Kind of a terrifying question, right? People spend a lifetime pondering that question with lots of mixed results. Some of us languish in indecision and anxiety for not knowing what we should be doing at all times. While others of us just tap into to a seam of exactly knowing what we should be doing, aggressively going after cycles of growth in whatever purpose that we have chosen.

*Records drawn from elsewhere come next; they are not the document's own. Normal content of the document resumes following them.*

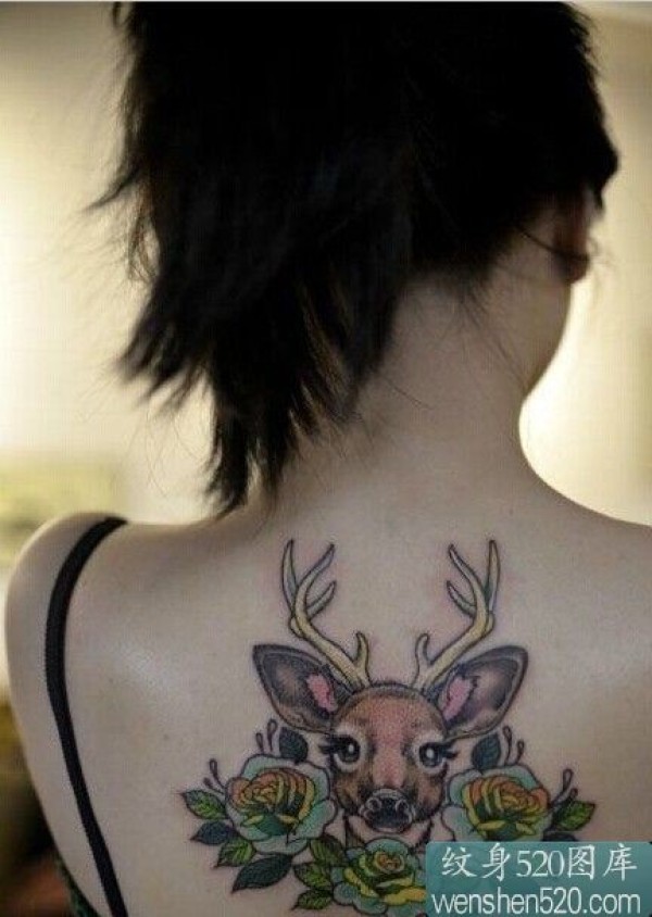 玫瑰可爱小鹿时尚纹身_玫瑰花纹身图案大全_纹身图吧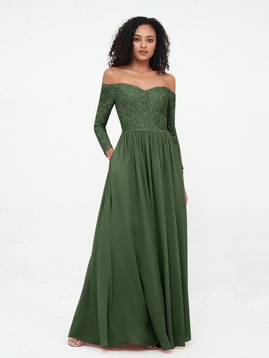 Vestidos largos de encaje con mangas largas y hombros descubiertos Verde Oliva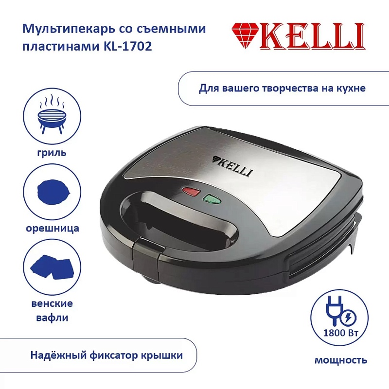 Вафельница-мультипекарь со съемными пластинами KELLI KL-1702 1800Вт ап/покр (4/1)Артикул: 101954В наличии2 083 ₽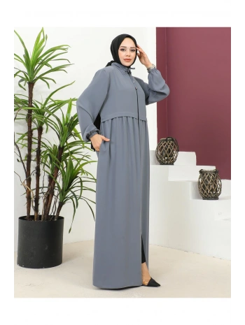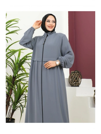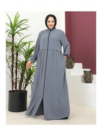 Büyük Beden Krep Ferace -Gri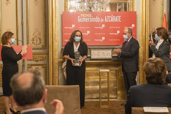 El ministro de Justicia, Juan Carlos Campo, ha hecho entrega del Premio Gumersindo de Azcárate a la Comunidad Iberoamericana de Naciones. El galardón lo ha recogido la secretaria general Iberoamericana, Rebeca Grynspan. El Premio Gumersindo de Azcárate de los registradores se ha concedido, en su X edición, a la Comunidad Iberoamérica de Naciones, que desde su creación en 1991 fomenta la colaboración entre las naciones que la forman en torno a principios y valores compartidos por todos los países que la integran.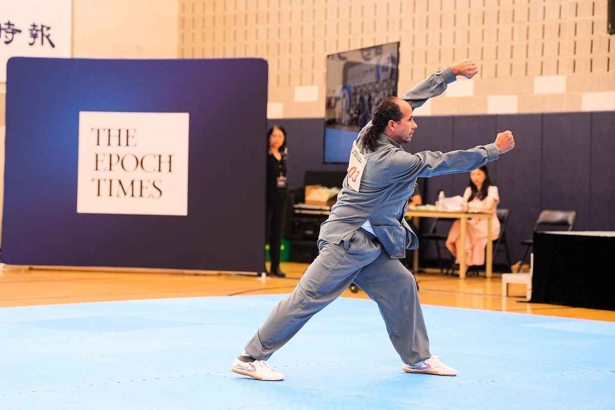 2024年8月31日下午,在美國新澤西州沃爾德威克(Waldwick),第八屆新唐人全世界中華傳統武術大賽舉行初賽。圖為美國選手馬里奧·薩拉查(Mario Salazar)在男子拳術組比賽中表演螳螂拳之白猴偷桃。(戴兵/大紀元)

Purpose is important, but a lot of us oftentimes overthink purpose or end up living a life that doesn’t align to whatever purpose we are actually seeking. Because if you spend your days pouring over spreadsheets to find some sort of kernel of optimization, but really you want to be helping people directly, you're setting yourself up for resentment. 

I know this all sounds great in theory, but it takes courage to live aligned to your values and purpose. And most of us don’t spend the time seeking out what our purpose should be, let alone aligning it to how we live our lifestyle.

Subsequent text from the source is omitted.